Ask the user what frame rate they want for the output:

echo "\n\t\tWhat ProRes format would you like?"
     echo ""
     echo "\t1) ProRes422 (Proxy)"  # -profile:v 0 gives a 11.4MB size and moves you to 10-bit 4:2:2 space
     echo "\t2) ProRes422 (LT)"     # -profile:v 1 ranges at around 28MB, it too is in 10-bit 4:2:2 space
     echo "\t3) ProRes422 (Normal)" # -profile:v 2 moves us up to 45.2MB with 10-bit 4:2:2 space and finally
     echo "\t4) ProRes422 (HQ)"     # -profile:v 3 goes to 67.9MB at 10-bit 4:2:2
     echo "\t5) ProRes4444 "
     echo "\t6) ProRes4444 (Alpha Channel)"
     echo ""
     echo "Answer 1,2,3 etc? $flavour \c"
     read flavour
     
         if [[ "$flavour" = "1" ]]; then
      flavour_out="prores -profile:v 0 -pix_fmt yuv422p10"
      ProRes=ProRes422Proxy
    elif [[ "$flavour" = '2' ]]; then
       flavour_out="prores -profile:v 1 -pix_fmt yuv422p10"
       ProRes=ProRes422LT
     elif [[ "$flavour" = '3' ]]; then
       flavour_out="prores -profile:v 2 -pix_fmt yuv422p10"
       ProRes=ProRes422Normal
     elif [[ "$flavour" = '4' ]]; then
       flavour_out="prores -profile:v 3 -pix_fmt yuv422p10"
       ProRes=ProRes422HQ
     elif [[ "$flavour" = '5' ]]; then
       flavour_out="prores_ks -profile:v 4 -pix_fmt yuv444p10"
       ProRes=ProRes4444
     elif [[ "$flavour" = '6' ]]; then
       flavour_out="prores_ks -profile:v 4 -pix_fmt yuva444p10"
       ProRes=ProRes4444Alpha
     else
       echo "Unknown parameter"
     fi

And then builds a FFmpeg command that runs and drops the file in a designated drop folder for pickup.

###
# Finally run ffmpeg command
###
    /Volumes/DeadlineRepository/ffmpeg/ffmpeg -f image2 -framerate $framerate_out -i /Volumes/Graphics/_RenderFarmTest/$gfx_machine/ProRezzerated%4d$extension -c:v $flavour_out /Volumes/Graphics/_RenderFarmTest/$gfx_machine/Output_$ProRes$framerate_out.mov

Thats just a small code snippet to get the gist. Anyone else done anything similar or have another solution?

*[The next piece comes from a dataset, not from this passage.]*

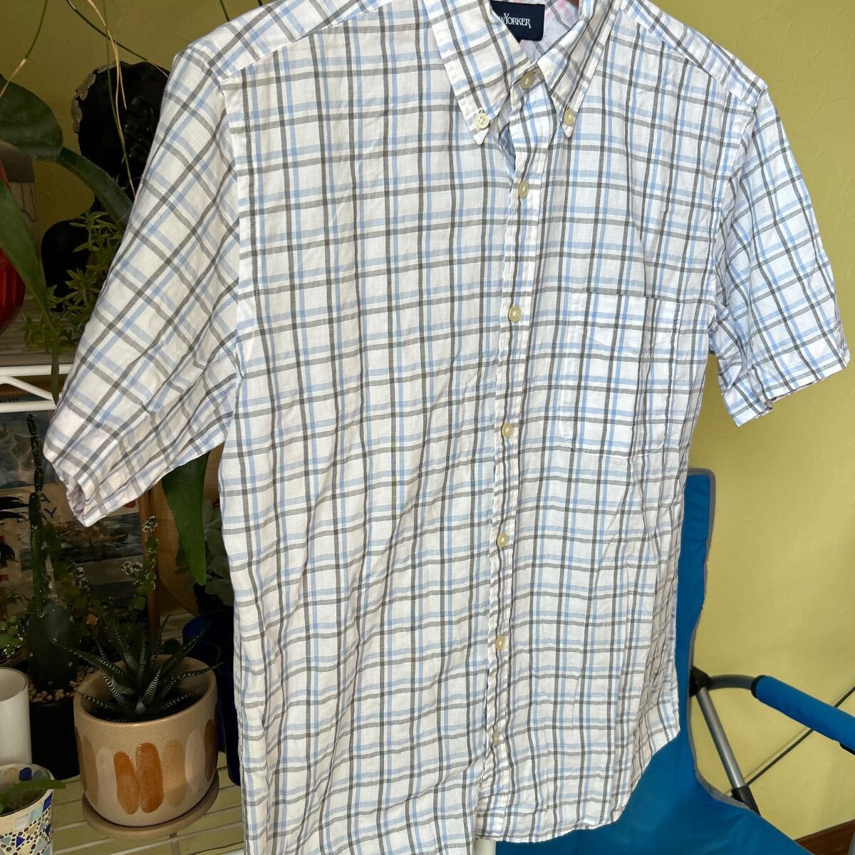 サイズL 実寸約着丈74(襟付根から裾先端)、肩幅47(両肩縫目直線)身幅59(両脇下縫目直線)多少の誤差はお許しください。良い雰囲気です。さらりとした綿100 チェック ボタンダウン できる限りダメージは説明させていただきますが、こちらが気づかない程度のわずかなしみ、よごれ、

I thought i´ll share this here without further comment:

Sounds like this was actively being worked on almost 3 years ago? Did it get permanently killed due to complications? I might be working on a tool for our studio soon regarding automatic ProRes creation, but before I go down that road, I figured I’d bump this up

I’d also like ProRes4444 in draft please.

Is this dead? We’re about to test the DNxHD option to see if it’s a valid path for us but we’d vastly prefer ProRes. We use 422HQ and Proxy throughout our pipeline and 4444 sometimes where it makes sense. I’m going to test if the concatenate function works on codecs that Draft doesn’t support… it might but I’m going to guess it will not… Is there any hope here?

This topic needed its yearly bump, but has everyone largely given up and rigged up ffmpeg to take over the ProRes encoding?